Concept to Classroom: What are the implications of constructivism for the child's parents, guardians, and community?
Jacqueline Grennon Brooks: For the community and for parents, their only real access to understanding schools is typically by the test grades that their children bring home. When we change from a traditional to a constructivist-based educational setting, we really need to do a lot of work in helping the community understand different indicators of excellence. We have to help the community look at the products that the students are generating in terms of the thinking behind those products and what those products are expressing in terms of meaning.

Concept to Classroom: Test scores are often the basis by which community members judge schools and schools receive state funding. What do you think of test scores as a way to evaluate performance? Jacqueline Grennon Brooks: Oftentimes, we look at test scores because it's the only information that we have. I think we as a profession, need to do much better at broadening how we communicate the outcomes of the learning processes going on in our schools. The focus on test scores has done more to narrow curriculum, and limit students' opportunities for growth and development than have those test scores been an indicator of success. Concept to Classroom: Would you like to add anything?

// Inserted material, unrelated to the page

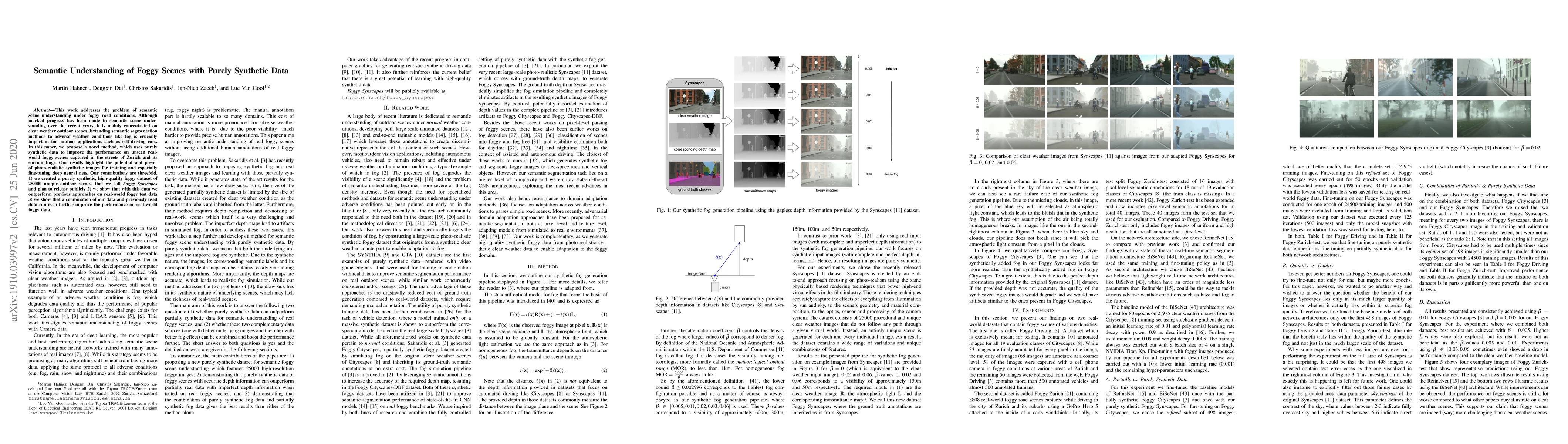 This paper proposes a method to enhance semantic understanding of foggy scenes using purely synthetic data, creating a new synthetic foggy dataset called Foggy Synscapes. The study demonstrates improved performance on real-world foggy data, showing the effectiveness of synthetic training for adverse weather conditions.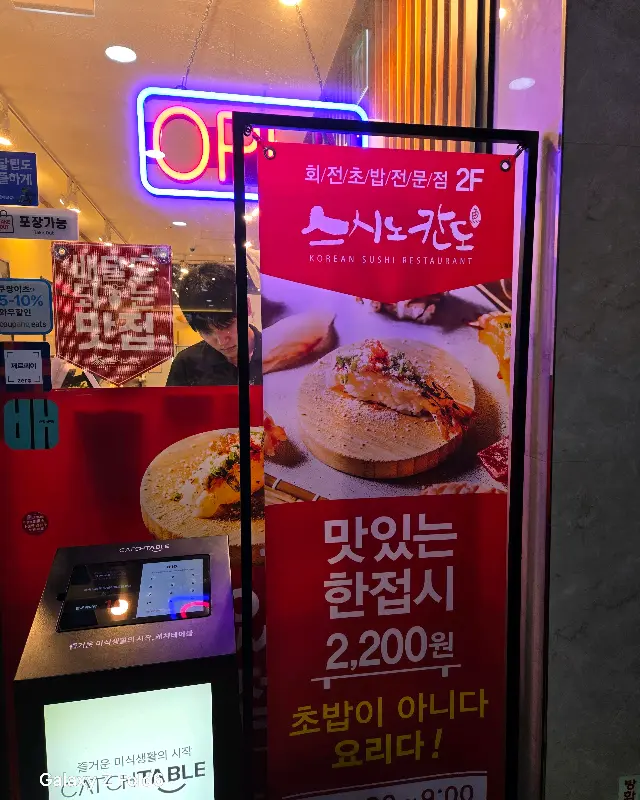왕십리역에 도착해 이마트로 향하는 길, 2층에 자리 잡은 스시노칸도의 간판이 한눈에 들어왔다. 네온사인으로 빛나는 상호와 함께, “맛있는 한접시 2,200원”이라는 문구가 발길을 붙잡았다.

Jacqueline Grennon Brooks: I have had teachers with whom I worked tell me that once they have adopted, studied and adopted this new viewpoint , that they can't go back again. They can not go back to their original teaching, that once they have experienced the energy of their

classroom and their students, forging together new understanding, and once they talk about how much they have learned about the concepts themselves, through collaborating with their students, that the traditional method simply doesn't hold the value it used to.